Task brief >> Exclude all pictures from your copy of the data below, which should otherwise match exactly.

Dataset section >>
*****

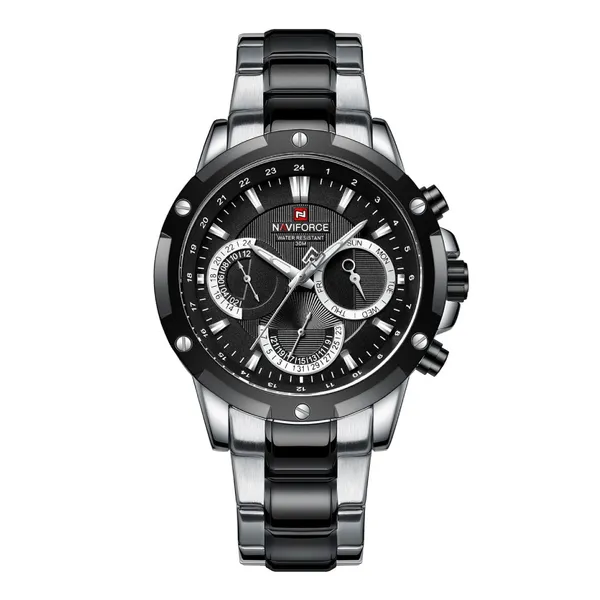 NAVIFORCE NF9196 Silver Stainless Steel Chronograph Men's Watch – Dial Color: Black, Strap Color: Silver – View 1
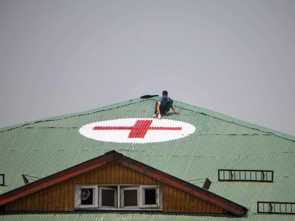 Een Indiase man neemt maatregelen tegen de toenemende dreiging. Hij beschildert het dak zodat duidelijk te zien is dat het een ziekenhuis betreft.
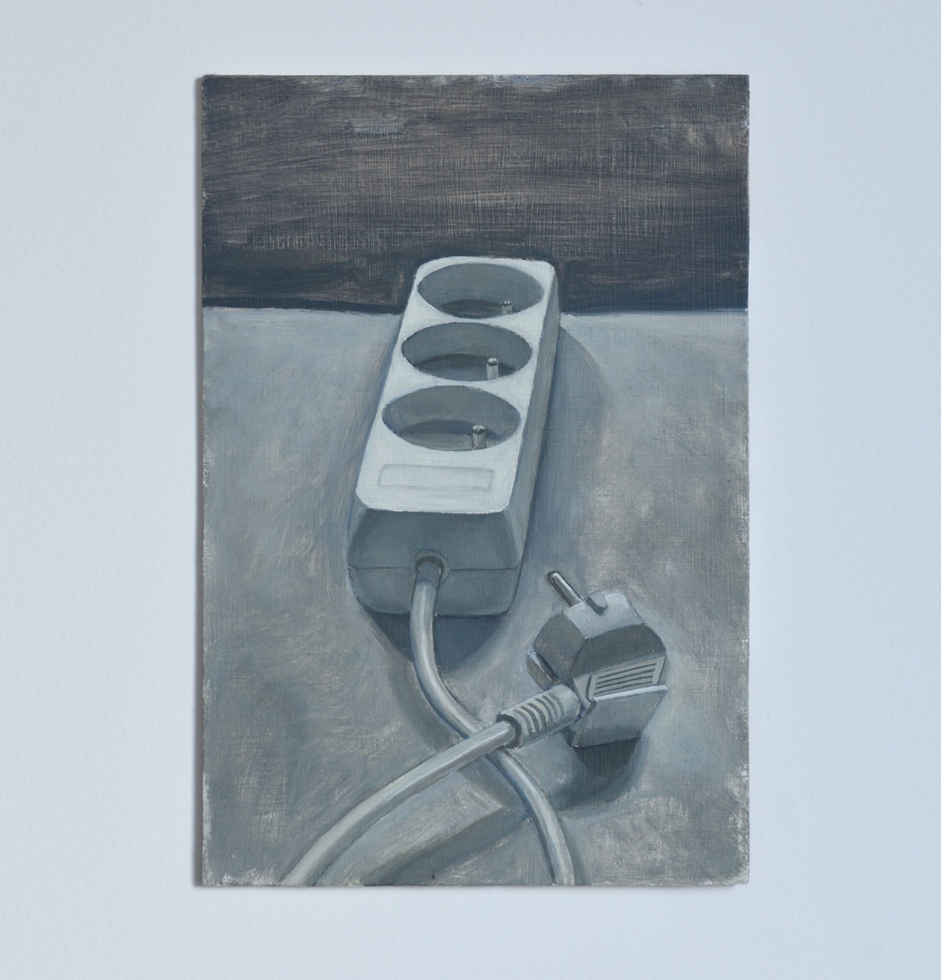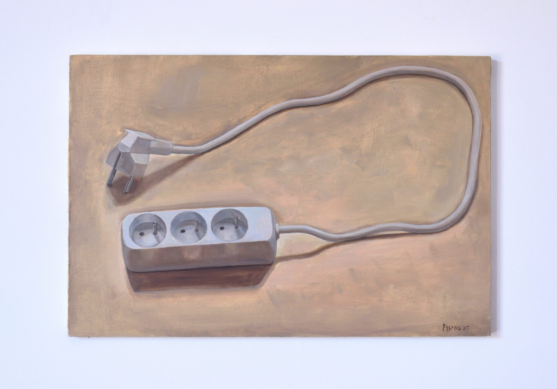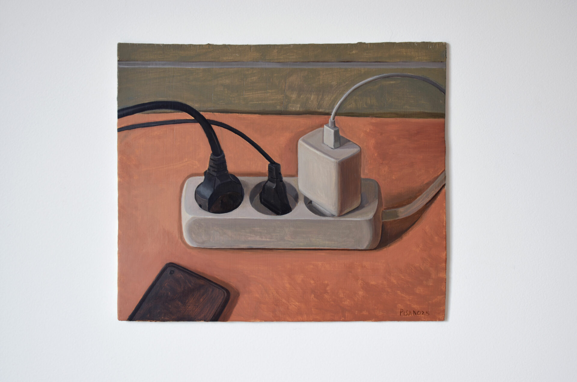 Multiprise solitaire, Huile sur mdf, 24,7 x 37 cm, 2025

*****

Output >>
 NAVIFORCE NF9196 Silver Stainless Steel Chronograph Men's Watch – Dial Color: Black, Strap Color: Silver – View 1
 Een Indiase man neemt maatregelen tegen de toenemende dreiging. Hij beschildert het dak zodat duidelijk te zien is dat het een ziekenhuis betreft.
 Multiprise solitaire, Huile sur mdf, 24,7 x 37 cm, 2025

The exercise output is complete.